Your task is to repeat all of the data exactly while excluding the pictures.

## Supplied data

____

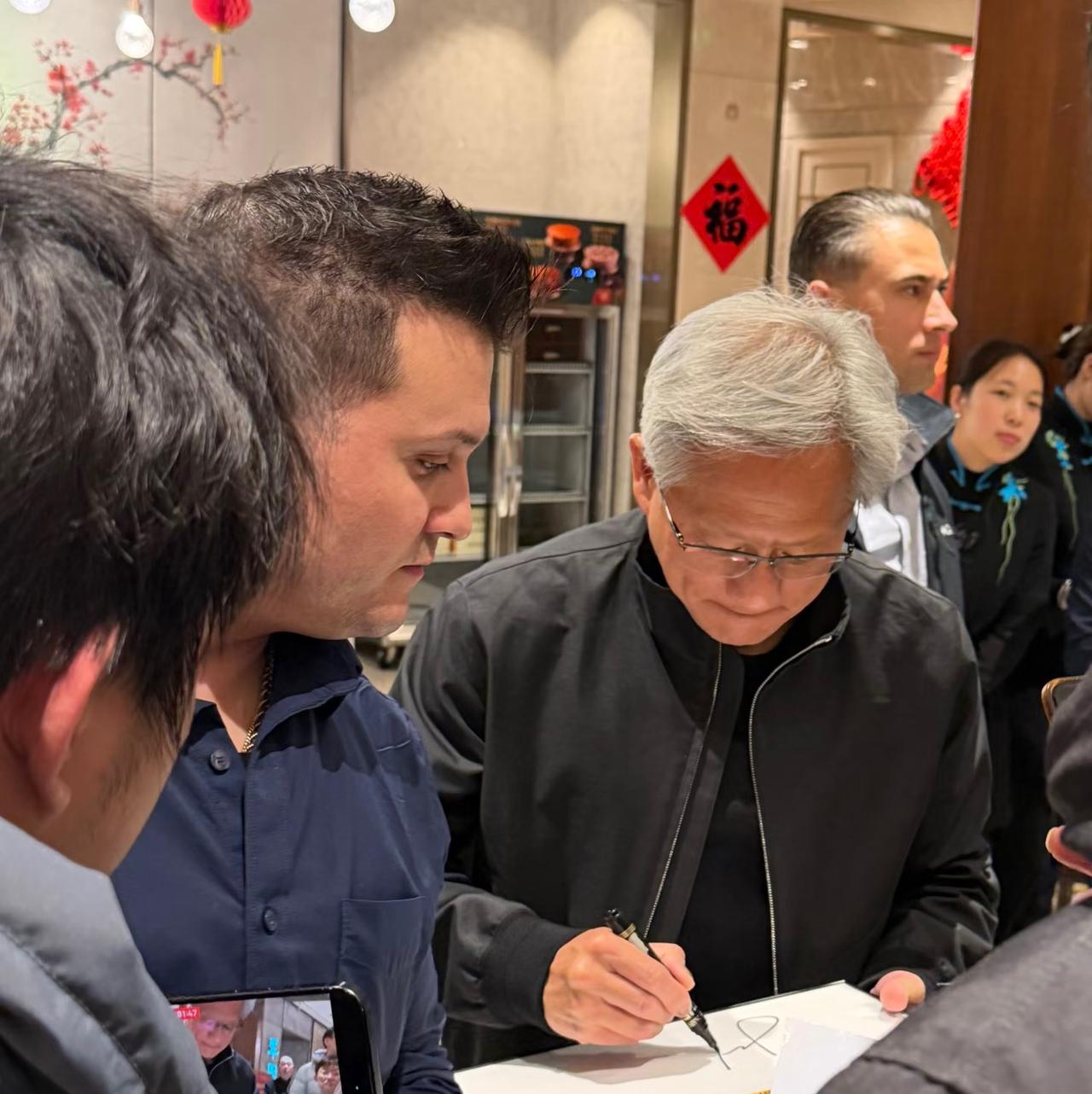 黄仁勋现身北京! 1月25日,英伟达创始人黄仁勋现身北京,到王府中环翠园用餐。 一路上,收到粉丝的热烈欢迎,老黄现场也送粉丝签名。老王很接地气,非常完美的一天。 话说黄老板的两个保镖很敬业啊,一前一后站在雇主前后。
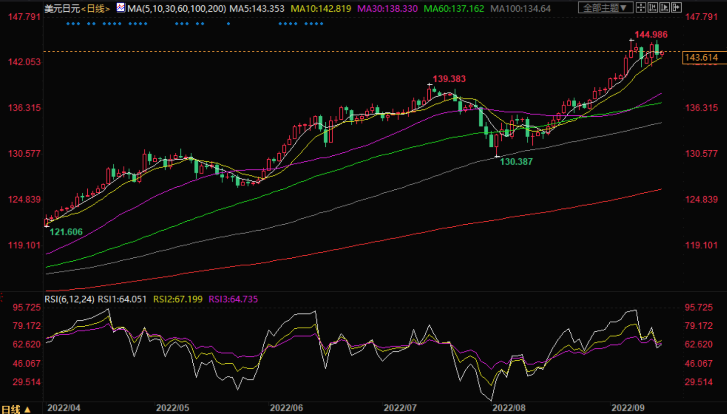 周四盘中,美元指数上涨至109.87,涨幅0.20%;欧元兑美元下跌至0.9962,跌幅0.17%;英镑兑美元下跌至1.1511,跌幅0.24%;美元兑日元上涨至143.60,涨幅0.31%;澳元兑美元下跌至0.6746,跌幅0.01%。 美元大涨还没结束? 交易员和分析师表示,美元正在创下1984年以来最佳年度表现,并将进一步扩大战果,这暗示其他地
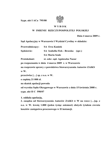 Sygn. akt I ACa 795/08 WYROK W IMIENIU RZECZYPOSPOLITEJ POLSKIEJ Dnia 4 marca 2009 r. Sąd Apelacyjny w Warszawie I Wydział Cywilny w składzie: Przewodniczący: SA Ewa Kaniok Sędziowie: SA Izabella Fick - Brzeska (spr.) SA Maria Szulc Protokolant: st. sekr. sąd. Agnieszka Nazar po rozpoznaniu w dniu 4 marca 2009 r. w Warszawie na rozprawie sprawy z powództwa Stowarzyszenia Autorów ZAiKS w W. przeciwko […] sp. z o.o. w W. o zapłatę 21 000 zł. na skutek apelacji powoda od wyroku Sądu Okręgowego w Warszawie z dnia 15 kwietnia 2008 r. sygn. akt II C 598/07 1. oddala apelację, 2. zasądza od Stowarzyszenia Autorów ZAiKS w W na rzecz […]sp. z o.o. w W. kwotę 1.800 (jeden tysiąc osiemset) złotych tytułem zwrotu kosztów zastępstwa procesowego w II instancji. 2 I A Ca 795/08 Uzasadnienie Powód Stowarzyszenie Autorów Zaiks wniósł o zasądzenie od pozwanego […] Spółki z ograniczona odpowiedzialnością w W. o zasądzenie na swoją rzecz kwoty 21 000 zł tytułem zapłaty tantiem za wystawienie w dniu […] sierpnia 2006 r. przedstawienie plenerowe utworu „[…]”, do którego choreografię opracował J. J. Wskazano, że pozwany naruszył autorskie prawa majątkowe wystawiając przedstawienie bez licencji. W oparciu o zatwierdzone tabele stawka za 1 minutę choreografii w utworze wynosi 0,1 % dochodu brutto, a czas jej trwania wynosił 20 minut i w takim zakresie zostało ustalone wynagrodzenie. Pozwany wniósł o oddalenie powództwa zarzucając wadliwe wyliczenie dochodzonego roszczenia, gdyż łączny przychód brutto wyniósł 638 000 zł., a z tego żądane 2 % wynosi 12 770 zł. Podniesiono także, że powód nie mógł udzielić wcześniej licencji, gdyż utwór powstał jako całość dopiero w dniu jego prezentacji, a ochrona powinna obejmować całość praw do utworu, bez podziału i wyodrębniania oddzielnie należności za choreografię. W dniu 25 stycznia 2008 r. powód ograniczył żądanie do kwoty 12 770 zł i cofnął powództwo w pozostałej części, na co wyraziła zgodę strona pozwana. Wyrokiem z dnia 15 kwietnia 2008 r. Sąd Okręgowy w Warszawie umorzył postępowanie w części dotyczącej zasądzenia kwoty 8 300 zł, oddalił powództwo w pozostałej części oraz zasądził od powoda na rzecz pozwanego 2 400 zł tytułem zwrotu kosztów zastępstwa procesowego. 3 Powyższy wyrok zapadł po dokonaniu przez Sąd następujących ustaleń i rozważań: W dniu […] sierpnia 2006 r. w P. pozwany był organizatorem widowiska plenerowego pod tytułem „[…]”, którego autorem muzyki był R. W., a autorem libretta E. R.-G. Choreografia w całości powstała na zamówienie pozwanego, na podstawie umowy zawartej z J. J. i została ona ukończona w dniu premiery. Umowa zawarta została w dniu […] listopada 2005 r. i zawierała szczegółowy zakres czynności oraz terminy wykonania. J. J. w dniu […] marca 1998 r. podpisał zobowiązanie organizacyjne, oddając pod ochronę powoda ochronę swych autorskich praw majątkowych już istniejących oraz powstałych w przyszłości w okresie jego przynależności do stowarzyszenia. Przed wystawieniem widowiska plenerowego pozwany poinformował powoda o zamiarze wystawienia widowiska oraz wniósł o udzielenie licencji. Zgodnie z ustaleniami z przedstawicielami kompozytora opery, miała być podpisana umowa określająca wysokość należnych tantiem za wystawienie całego widowiska. Wszelkie płatności na rzecz kompozytora i autora libretta miały być płatne za pośrednictwem polskiej organizacji. Wysokość stawki za tzw. wielkie prawa do wystawienia opery została określona na 15 % uzyskiwanych z tego tytułu wpływów. Zgodnie z zatwierdzoną tabelą Zaiks, wysokość tantiemy za tzw. prawa do opery wynosi 11 %. Powód nie ma podpisanej umowy o reprezentacji w ramach tzw. wielkich praw z Wielką Brytania, skąd pochodzą autorzy muzyki i libretta. Po wystawieniu widowiska w P. z choreografią J. J. powód wezwał pozwanego do zapłaty tantiem w wysokości 0,1 % wpływów za każdą 4 minutę, łącznie 2 %. Strony nie porozumiały się w tym zakresie. Pozwany proponował zapłatę całej kwoty 15 %. Roszczenie powoda oparte jest o treść przepisu art. 79 ustawy z dnia 4 lutego 1994 r. o prawie autorskim i prawach pokrewnych ( Dz. U. Nr 90 z 2006 r., poz. 631 ze zm.), z którego brzmienia wynika obowiązek naprawienia szkody, który może być realizowany przez zapłatę stosownego wynagrodzenia w wypadku naruszenia autorskich praw majątkowych. Kwestią więc zasadniczą w niniejszym sporze pozostawało czy pozwany swoim działaniem naruszył autorskie prawa majątkowe uzasadniające wyrównanie uszczerbku przez zapłatę co najmniej stosownego wynagrodzenia. Ustawa o prawie autorskim wymaga od korzystającego z utworu zawarcia umowy na korzystanie z autorskich praw twórców (licencji) a eksploatacja jest dopuszczalna na polach eksploatacji wyraźnie w umowie wskazanych (art. 41 ust. 2). W ocenie Sadu z przedstawionego przez strony materiału dowodowego wynika, że pozwany jako producent widowiska plenerowego, opartego na napisanej przez R. W. operze „[…]” zawarł z J. J. umowę o dzieło, której przedmiotem było zaangażowanie go jako autora reżyserii i choreografii widowiska plenerowego. Umowa precyzowała zakres obowiązków wykonawcy, jego wynagrodzenie oraz terminy oddania dzieła. Z treści umowy nie wynikają wprost uzgodnienia stron w zakresie korzystania z autorskich praw majątkowych J. J. do zamówionej choreografii. Była to umowa producencka i całość praw do powstałego utworu jako całości przysługuje pozwanemu, natomiast J. J. jest na podstawie tej umowy współtwórcą dzieła. Brak wyraźnych postanowień w zakresie udzielenia pozwanemu licencji na publiczne wystawienie spektaklu z dniu […] sierpnia wymaga dokonania 5 wykładni zawartej umowy zgodnie z regułami przewidzianymi art. 65 kc. Z treści tej umowy oraz z ustalonych okoliczności faktycznych wynika,

____

## Response to this task
 黄仁勋现身北京! 1月25日,英伟达创始人黄仁勋现身北京,到王府中环翠园用餐。 一路上,收到粉丝的热烈欢迎,老黄现场也送粉丝签名。老王很接地气,非常完美的一天。 话说黄老板的两个保镖很敬业啊,一前一后站在雇主前后。
 周四盘中,美元指数上涨至109.87,涨幅0.20%;欧元兑美元下跌至0.9962,跌幅0.17%;英镑兑美元下跌至1.1511,跌幅0.24%;美元兑日元上涨至143.60,涨幅0.31%;澳元兑美元下跌至0.6746,跌幅0.01%。 美元大涨还没结束? 交易员和分析师表示,美元正在创下1984年以来最佳年度表现,并将进一步扩大战果,这暗示其他地
 Sygn. akt I ACa 795/08 WYROK W IMIENIU RZECZYPOSPOLITEJ POLSKIEJ Dnia 4 marca 2009 r. Sąd Apelacyjny w Warszawie I Wydział Cywilny w składzie: Przewodniczący: SA Ewa Kaniok Sędziowie: SA Izabella Fick - Brzeska (spr.) SA Maria Szulc Protokolant: st. sekr. sąd. Agnieszka Nazar po rozpoznaniu w dniu 4 marca 2009 r. w Warszawie na rozprawie sprawy z powództwa Stowarzyszenia Autorów ZAiKS w W. przeciwko […] sp. z o.o. w W. o zapłatę 21 000 zł. na skutek apelacji powoda od wyroku Sądu Okręgowego w Warszawie z dnia 15 kwietnia 2008 r. sygn. akt II C 598/07 1. oddala apelację, 2. zasądza od Stowarzyszenia Autorów ZAiKS w W na rzecz […]sp. z o.o. w W. kwotę 1.800 (jeden tysiąc osiemset) złotych tytułem zwrotu kosztów zastępstwa procesowego w II instancji. 2 I A Ca 795/08 Uzasadnienie Powód Stowarzyszenie Autorów Zaiks wniósł o zasądzenie od pozwanego […] Spółki z ograniczona odpowiedzialnością w W. o zasądzenie na swoją rzecz kwoty 21 000 zł tytułem zapłaty tantiem za wystawienie w dniu […] sierpnia 2006 r. przedstawienie plenerowe utworu „[…]”, do którego choreografię opracował J. J. Wskazano, że pozwany naruszył autorskie prawa majątkowe wystawiając przedstawienie bez licencji. W oparciu o zatwierdzone tabele stawka za 1 minutę choreografii w utworze wynosi 0,1 % dochodu brutto, a czas jej trwania wynosił 20 minut i w takim zakresie zostało ustalone wynagrodzenie. Pozwany wniósł o oddalenie powództwa zarzucając wadliwe wyliczenie dochodzonego roszczenia, gdyż łączny przychód brutto wyniósł 638 000 zł., a z tego żądane 2 % wynosi 12 770 zł. Podniesiono także, że powód nie mógł udzielić wcześniej licencji, gdyż utwór powstał jako całość dopiero w dniu jego prezentacji, a ochrona powinna obejmować całość praw do utworu, bez podziału i wyodrębniania oddzielnie należności za choreografię. W dniu 25 stycznia 2008 r. powód ograniczył żądanie do kwoty 12 770 zł i cofnął powództwo w pozostałej części, na co wyraziła zgodę strona pozwana. Wyrokiem z dnia 15 kwietnia 2008 r. Sąd Okręgowy w Warszawie umorzył postępowanie w części dotyczącej zasądzenia kwoty 8 300 zł, oddalił powództwo w pozostałej części oraz zasądził od powoda na rzecz pozwanego 2 400 zł tytułem zwrotu kosztów zastępstwa procesowego. 3 Powyższy wyrok zapadł po dokonaniu przez Sąd następujących ustaleń i rozważań: W dniu […] sierpnia 2006 r. w P. pozwany był organizatorem widowiska plenerowego pod tytułem „[…]”, którego autorem muzyki był R. W., a autorem libretta E. R.-G. Choreografia w całości powstała na zamówienie pozwanego, na podstawie umowy zawartej z J. J. i została ona ukończona w dniu premiery. Umowa zawarta została w dniu […] listopada 2005 r. i zawierała szczegółowy zakres czynności oraz terminy wykonania. J. J. w dniu […] marca 1998 r. podpisał zobowiązanie organizacyjne, oddając pod ochronę powoda ochronę swych autorskich praw majątkowych już istniejących oraz powstałych w przyszłości w okresie jego przynależności do stowarzyszenia. Przed wystawieniem widowiska plenerowego pozwany poinformował powoda o zamiarze wystawienia widowiska oraz wniósł o udzielenie licencji. Zgodnie z ustaleniami z przedstawicielami kompozytora opery, miała być podpisana umowa określająca wysokość należnych tantiem za wystawienie całego widowiska. Wszelkie płatności na rzecz kompozytora i autora libretta miały być płatne za pośrednictwem polskiej organizacji. Wysokość stawki za tzw. wielkie prawa do wystawienia opery została określona na 15 % uzyskiwanych z tego tytułu wpływów. Zgodnie z zatwierdzoną tabelą Zaiks, wysokość tantiemy za tzw. prawa do opery wynosi 11 %. Powód nie ma podpisanej umowy o reprezentacji w ramach tzw. wielkich praw z Wielką Brytania, skąd pochodzą autorzy muzyki i libretta. Po wystawieniu widowiska w P. z choreografią J. J. powód wezwał pozwanego do zapłaty tantiem w wysokości 0,1 % wpływów za każdą 4 minutę, łącznie 2 %. Strony nie porozumiały się w tym zakresie. Pozwany proponował zapłatę całej kwoty 15 %. Roszczenie powoda oparte jest o treść przepisu art. 79 ustawy z dnia 4 lutego 1994 r. o prawie autorskim i prawach pokrewnych ( Dz. U. Nr 90 z 2006 r., poz. 631 ze zm.), z którego brzmienia wynika obowiązek naprawienia szkody, który może być realizowany przez zapłatę stosownego wynagrodzenia w wypadku naruszenia autorskich praw majątkowych. Kwestią więc zasadniczą w niniejszym sporze pozostawało czy pozwany swoim działaniem naruszył autorskie prawa majątkowe uzasadniające wyrównanie uszczerbku przez zapłatę co najmniej stosownego wynagrodzenia. Ustawa o prawie autorskim wymaga od korzystającego z utworu zawarcia umowy na korzystanie z autorskich praw twórców (licencji) a eksploatacja jest dopuszczalna na polach eksploatacji wyraźnie w umowie wskazanych (art. 41 ust. 2). W ocenie Sadu z przedstawionego przez strony materiału dowodowego wynika, że pozwany jako producent widowiska plenerowego, opartego na napisanej przez R. W. operze „[…]” zawarł z J. J. umowę o dzieło, której przedmiotem było zaangażowanie go jako autora reżyserii i choreografii widowiska plenerowego. Umowa precyzowała zakres obowiązków wykonawcy, jego wynagrodzenie oraz terminy oddania dzieła. Z treści umowy nie wynikają wprost uzgodnienia stron w zakresie korzystania z autorskich praw majątkowych J. J. do zamówionej choreografii. Była to umowa producencka i całość praw do powstałego utworu jako całości przysługuje pozwanemu, natomiast J. J. jest na podstawie tej umowy współtwórcą dzieła. Brak wyraźnych postanowień w zakresie udzielenia pozwanemu licencji na publiczne wystawienie spektaklu z dniu […] sierpnia wymaga dokonania 5 wykładni zawartej umowy zgodnie z regułami przewidzianymi art. 65 kc. Z treści tej umowy oraz z ustalonych okoliczności faktycznych wynika,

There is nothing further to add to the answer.